With reference to the article in Saturday, 20th October, Mr Costello makes with regard to a banquet for the mayor, how can any council spend this amount of money when ordinary families are struggling to put food on the table or pay bills?

Surely SBC would look in better light had they put this sum of money to better use. Most days we read about how much SBC is in the red; spending anything not to do with services to the tax payer is extravagant.

On the same wavelength, why was the crossing on Queen’s Drive by the Magic Roundabout moved a few yards and how much was the cost again out of our taxes? Who can explain what difference it has made? The works went on for three months.

Another waste of tax payers money. Please explain.

Name and address supplied

Symbol of peace

As a proud wearer of the white peace poppy, I was most pleased to read in the Guardian (15 Oct) that the St John Ambulance is allowing its volunteers to wear it (white peace poppy) for the first time at this year’s remembrance services.

The white peace poppy can be traced back to 1933 when it was first sold by the Co-operative Women’s Guild and is not only a symbol of peace but also a symbol that remembers all the victims of war and also challenges militarism. The Peace Pledge Union that distributes the white poppy are hoping to sell 100,000 of them this year. If you want to be in the growing number of white poppy wearers than you can purchase one from the Pulse shop in Curtis Street, approximately 500 yards from the Rolleston Arms on Commercial Road.

Martin Webb, Swindon Road, Old Town

More fuel us

Oh to live in Royal Wootton Bassett if you own a car. The price of petrol and diesel must be the most expensive in the West Country.

I drove to Bournemouth a few weeks ago on a Sunday and on the way down I looked at the price of fuel in every place we passed through. Not one was as expensive as Royal Wootton Bassett.
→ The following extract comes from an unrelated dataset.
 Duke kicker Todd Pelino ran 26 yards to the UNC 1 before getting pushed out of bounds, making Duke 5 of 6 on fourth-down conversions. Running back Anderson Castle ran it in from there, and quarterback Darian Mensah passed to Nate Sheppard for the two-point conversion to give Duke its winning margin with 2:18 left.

Driving up past the three petrol stations today, I see that they have increased the price again.

Why on earth do people ever go into them when they can drive down the road a few miles and save over £5 on a tank of diesel in Calne.

Oh to live in Bassett and pay through the nose for fuel. Have no banks, have no traffic wardens, and a British Legion nobody wants to join. Also spend pounds and pounds on a ridiculous large poppy that falls to bits after a few weeks. Have a non-caring county council who agree to have hundreds of houses built around the town but will not have extra doctors surgeries and schools built.

But you can have a Tennis Centre built for about 5% of the locals to use.

But at least we all live in ROYAL Wootton Bassett now.